BRIEF:
Go through the following data and transcribe exactly the stretch of lines from the one holding "抵达实习基地后,神州数码校招" to the one holding "(신명이가 전북도의 산적한", both included.

SUPPLIED MATERIAL:
++++++++

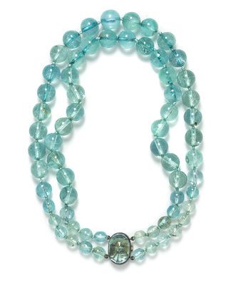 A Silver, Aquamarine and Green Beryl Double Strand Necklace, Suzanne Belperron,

++++++++

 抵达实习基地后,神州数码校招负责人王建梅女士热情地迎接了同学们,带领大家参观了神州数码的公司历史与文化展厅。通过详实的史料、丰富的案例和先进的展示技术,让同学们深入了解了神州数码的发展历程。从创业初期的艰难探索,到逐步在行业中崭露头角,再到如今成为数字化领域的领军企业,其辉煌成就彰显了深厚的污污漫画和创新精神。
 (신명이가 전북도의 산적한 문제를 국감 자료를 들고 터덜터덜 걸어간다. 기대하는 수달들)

++++++++

ANSWER TO THIS EXERCISE:
 抵达实习基地后,神州数码校招负责人王建梅女士热情地迎接了同学们,带领大家参观了神州数码的公司历史与文化展厅。通过详实的史料、丰富的案例和先进的展示技术,让同学们深入了解了神州数码的发展历程。从创业初期的艰难探索,到逐步在行业中崭露头角,再到如今成为数字化领域的领军企业,其辉煌成就彰显了深厚的污污漫画和创新精神。
 (신명이가 전북도의 산적한 문제를 국감 자료를 들고 터덜터덜 걸어간다. 기대하는 수달들)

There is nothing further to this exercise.